Quote the entries below from the line with "The Mn 2p XPS spectra of the fresh" through the line with "UPS大型制造商及UPS专业", both ends included, and only those lines.

[DATA PROVIDED]

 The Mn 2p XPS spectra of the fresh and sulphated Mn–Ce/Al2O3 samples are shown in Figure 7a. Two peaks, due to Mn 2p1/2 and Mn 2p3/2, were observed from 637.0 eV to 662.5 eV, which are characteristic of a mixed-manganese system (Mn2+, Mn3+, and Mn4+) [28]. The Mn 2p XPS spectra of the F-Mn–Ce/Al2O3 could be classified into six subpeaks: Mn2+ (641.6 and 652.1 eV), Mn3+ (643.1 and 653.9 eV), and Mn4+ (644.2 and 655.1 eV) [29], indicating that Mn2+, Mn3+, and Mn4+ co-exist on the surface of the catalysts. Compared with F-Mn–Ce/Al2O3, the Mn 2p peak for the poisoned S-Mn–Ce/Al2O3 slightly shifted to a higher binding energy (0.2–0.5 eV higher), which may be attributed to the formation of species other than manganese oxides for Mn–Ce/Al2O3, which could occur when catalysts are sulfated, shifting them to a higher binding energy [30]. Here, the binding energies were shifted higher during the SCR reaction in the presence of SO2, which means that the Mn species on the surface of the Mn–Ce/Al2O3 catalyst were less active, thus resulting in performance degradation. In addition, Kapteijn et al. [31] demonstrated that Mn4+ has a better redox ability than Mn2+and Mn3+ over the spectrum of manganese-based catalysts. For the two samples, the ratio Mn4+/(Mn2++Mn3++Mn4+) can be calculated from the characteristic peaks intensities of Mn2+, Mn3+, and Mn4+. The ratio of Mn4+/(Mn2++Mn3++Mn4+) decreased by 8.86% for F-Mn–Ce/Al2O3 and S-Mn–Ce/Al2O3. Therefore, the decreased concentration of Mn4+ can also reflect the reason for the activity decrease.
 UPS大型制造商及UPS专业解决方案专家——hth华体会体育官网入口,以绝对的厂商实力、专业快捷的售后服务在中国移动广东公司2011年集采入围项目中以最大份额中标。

[/DATA PROVIDED]
[DATA PROVIDED]

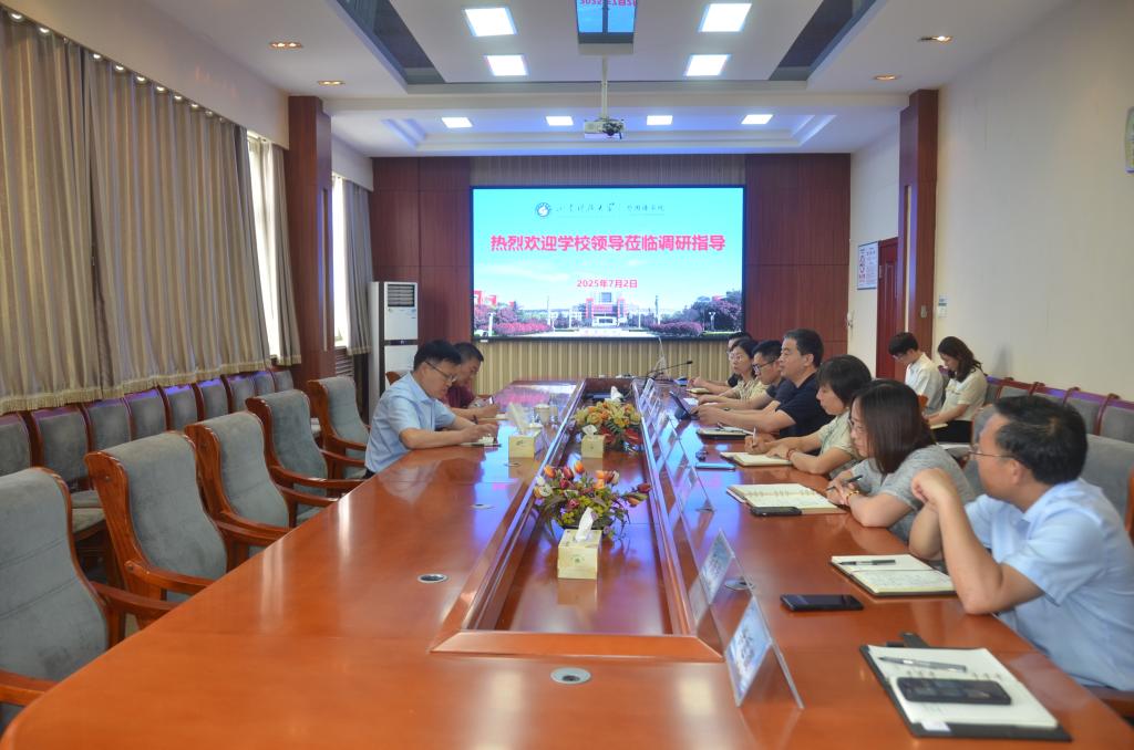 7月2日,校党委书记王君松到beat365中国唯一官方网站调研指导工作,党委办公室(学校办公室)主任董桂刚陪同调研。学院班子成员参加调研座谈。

[/DATA PROVIDED]
[DATA PROVIDED]

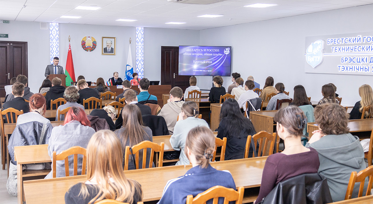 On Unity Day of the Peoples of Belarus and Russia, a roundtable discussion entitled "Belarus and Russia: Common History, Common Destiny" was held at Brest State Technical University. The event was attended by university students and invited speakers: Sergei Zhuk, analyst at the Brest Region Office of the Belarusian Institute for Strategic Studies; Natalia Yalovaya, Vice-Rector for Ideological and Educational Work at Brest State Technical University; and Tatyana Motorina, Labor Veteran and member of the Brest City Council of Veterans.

[/DATA PROVIDED]

_OUTPUT FOR THIS TASK_:
 The Mn 2p XPS spectra of the fresh and sulphated Mn–Ce/Al2O3 samples are shown in Figure 7a. Two peaks, due to Mn 2p1/2 and Mn 2p3/2, were observed from 637.0 eV to 662.5 eV, which are characteristic of a mixed-manganese system (Mn2+, Mn3+, and Mn4+) [28]. The Mn 2p XPS spectra of the F-Mn–Ce/Al2O3 could be classified into six subpeaks: Mn2+ (641.6 and 652.1 eV), Mn3+ (643.1 and 653.9 eV), and Mn4+ (644.2 and 655.1 eV) [29], indicating that Mn2+, Mn3+, and Mn4+ co-exist on the surface of the catalysts. Compared with F-Mn–Ce/Al2O3, the Mn 2p peak for the poisoned S-Mn–Ce/Al2O3 slightly shifted to a higher binding energy (0.2–0.5 eV higher), which may be attributed to the formation of species other than manganese oxides for Mn–Ce/Al2O3, which could occur when catalysts are sulfated, shifting them to a higher binding energy [30]. Here, the binding energies were shifted higher during the SCR reaction in the presence of SO2, which means that the Mn species on the surface of the Mn–Ce/Al2O3 catalyst were less active, thus resulting in performance degradation. In addition, Kapteijn et al. [31] demonstrated that Mn4+ has a better redox ability than Mn2+and Mn3+ over the spectrum of manganese-based catalysts. For the two samples, the ratio Mn4+/(Mn2++Mn3++Mn4+) can be calculated from the characteristic peaks intensities of Mn2+, Mn3+, and Mn4+. The ratio of Mn4+/(Mn2++Mn3++Mn4+) decreased by 8.86% for F-Mn–Ce/Al2O3 and S-Mn–Ce/Al2O3. Therefore, the decreased concentration of Mn4+ can also reflect the reason for the activity decrease.
 UPS大型制造商及UPS专业解决方案专家——hth华体会体育官网入口,以绝对的厂商实力、专业快捷的售后服务在中国移动广东公司2011年集采入围项目中以最大份额中标。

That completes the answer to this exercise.